Bookmark and Share
 

E-Alerts

NLRB Delays New Poster Requirement Until April 30, 2012

The National Labor Relations Board (“NLRB” or “Board”) recently postponed the effective date of its regulation mandating that most employers – both unionized and non-unionized – post a prescribed notice informing employees of their rights under the National Labor Relations Act (“NLRA”).  The deadline for posting this new notice has now been extended to April 30, 2012.

This is the second time the Board has postponed the effective date of the poster regulation.  (Previously, the Board had postponed the effective date from November 14, 2011, to January 31, 2012.)  It appears that this latest postponement may have been prompted by a recent statement by a federal judge presiding over one of a number of lawsuits seeking to block implementation of the new regulation.  In short, this judge stated that, in her view, more time is needed to consider the legal issues.

Content Of The Poster

The Board’s prescribed poster informs employees as to their basic rights under the NLRA, and as to certain actions that employers are prohibited from taking in response to union organizing activities.  For example, the poster states that it is unlawful for an employer to prohibit an employee from “talking about or soliciting for a union during non-work time, such as before or after work or during break times.”  Similarly, the poster informs employees that an employer may not prohibit them from “distributing union literature during non-work time, in non-work areas, such as parking lots or break rooms.”

Posting Requirements

Under the new regulation, as of April 30, 2012, employers will be required to physically post the prescribed 11×17-inch poster (available on the NLRB’s website) where other required workplace notices are normally displayed.  If an employer does not have a printer capable of printing a single 11×17-inch sheet of paper, the employer may print the poster on two 8½x11-inch sheets and tape them together.

Employers must also include links to the poster on their internet or intranet sites if other personnel policies or workplace notices are displayed on those sites.  However, employers need not distribute the poster or its content via email, voicemail, text-messaging or related electronic means, even if they customarily communicate with their employees via these channels.

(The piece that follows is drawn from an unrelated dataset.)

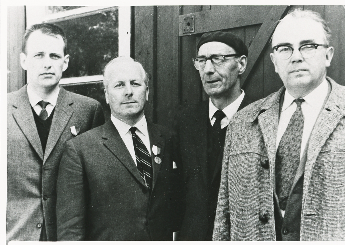 Några herrar har ställt upp sig för fotografen, 1963. Fr.v.: okänd, Wiking Olofsson, Älmhult, poliskonstapel Bertil Strömberg

The poster must be displayed in English and in another language if at least 20% of the employer’s workforce is not proficient in English and speaks the other language.  The NLRB is preparing translated versions of the poster in various languages, which are being posted on the agency’s website as they are completed.

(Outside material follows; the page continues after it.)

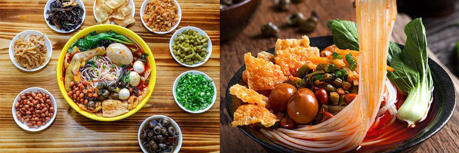 螺螄粉具有辣、酸、燙的風味,在柳州是有名的風味小吃,是由柳州的軟滑爽口的米粉。加上酸筍、花生、木耳、油炸腐竹、黃花菜、鮮美的青菜等配料和煮爛螺螄粉的湯水調和成的,有著鮮美的味道。

Both Unionized And Non-Unionized Employers Are Covered By The Regulation

All employers subject to the Board’s jurisdiction will be obligated to comply with the new posting requirement, whether or not they are unionized.  The Board’s jurisdiction extends to most private-sector employers, excluding agricultural, railroad and airline employers.

Note:  while the Board has chosen not to assert jurisdiction over very small employers whose volume of business has only a slight effect on interstate commerce, small employers should not assume that they are exempt, as the Board’s standards for coverage vary based on an employer’s industry and gross annual volume of business.  The NLRB has provided a table to help small employers determine if they fall within the Board’s jurisdictional standards.  (If you would like a copy of this table, please let us know.)

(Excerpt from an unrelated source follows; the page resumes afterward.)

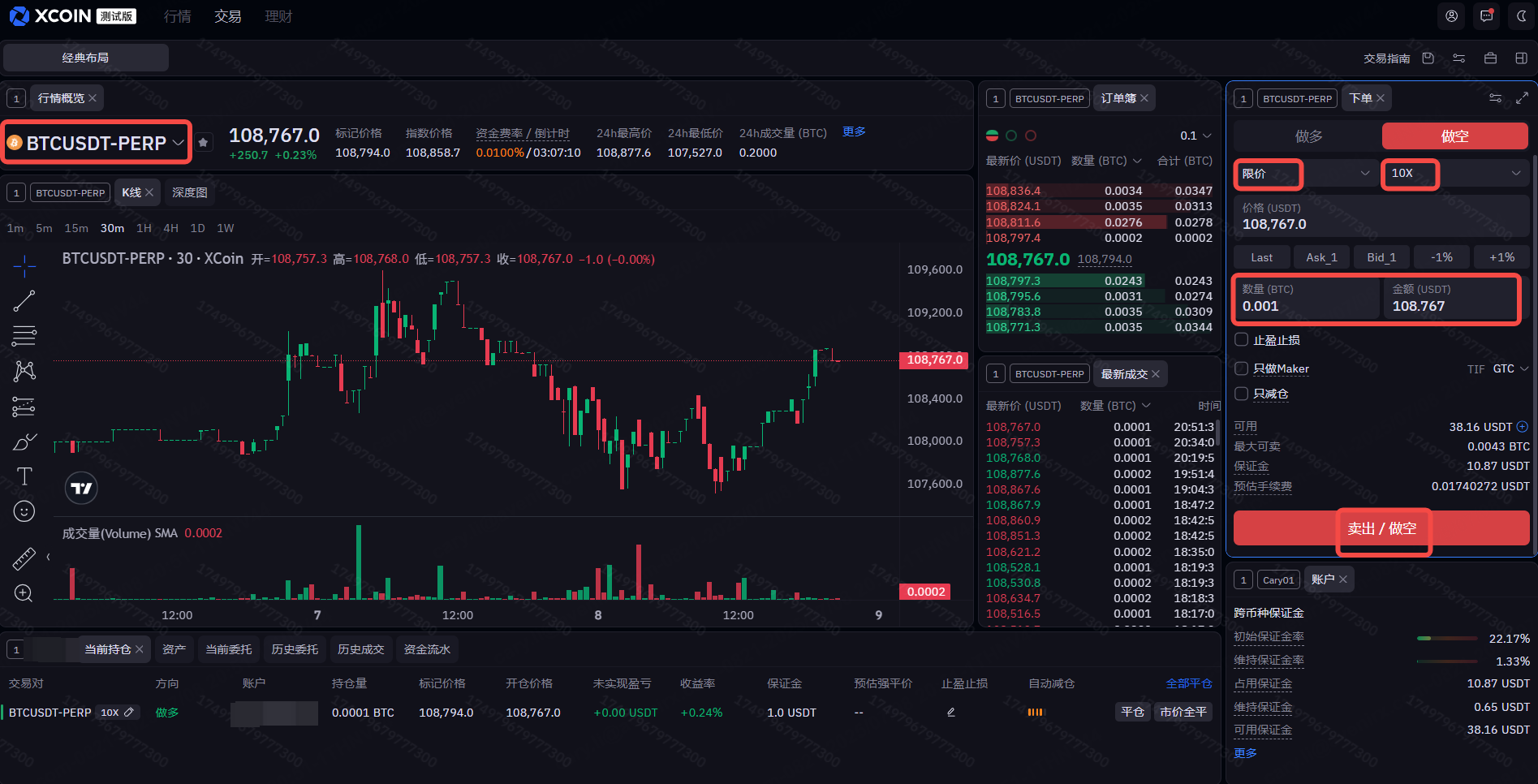 Using the BTCUSDT perpetual contract as an example: Click [Trade] in the top left corner of the official website to enter the trading page; select [BTCUSDT - PERP]. Select [Leverage], [Limit Price]/[Market Price]/[Plan Order] - enter [Price] and [Quantity] - click [Sell] - [Confirm].

Recommendation For Employers

While it is possible that the ongoing court challenges to the new regulation may result in further delays in the posting requirement, employers should nonetheless determine whether they fall within the NLRB’s jurisdiction and, if so, prepare to post the required notice by April 30, 2012.

Additionally, because the posting of the notice – and all of the publicity surrounding this issue – will likely spur increased union-organizing efforts by employees, we strongly recommend that employers desiring to remain union-free take a number of other steps before union-organizing activity has begun.  In particular, employers should:

  • Adopt and enforce valid policies that limit when employees may solicit and distribute literature in the workplace, and that prevent unauthorized visitors from gaining access to employers’ facilities.  Because such policies are governed by complex legal standards, they should always be reviewed by labor counsel;
  • Be sensitive to issues that are of concern to employees (such as management issues and employee compensation and benefit matters) and attempt to remedy legitimate complaints.  By taking proactive steps in such matters, an employer can help employees understand that they do not need to unionize in order to have a voice in the workplace;
  • Train supervisors, managers, and human resources personnel in how to recognize and respond appropriately to possible union organizing activity; and
  • Develop a plan for systematically communicating the employer’s position on unionization and related issues, both internally and externally.

Significantly, implementing certain of these recommendations after a union organizing campaign is underway may be viewed as unlawful retaliation against union activity and thereby support an unfair labor practice charge against the employer.  Accordingly, employers that wish to remain union-free should act now to implement these safeguards.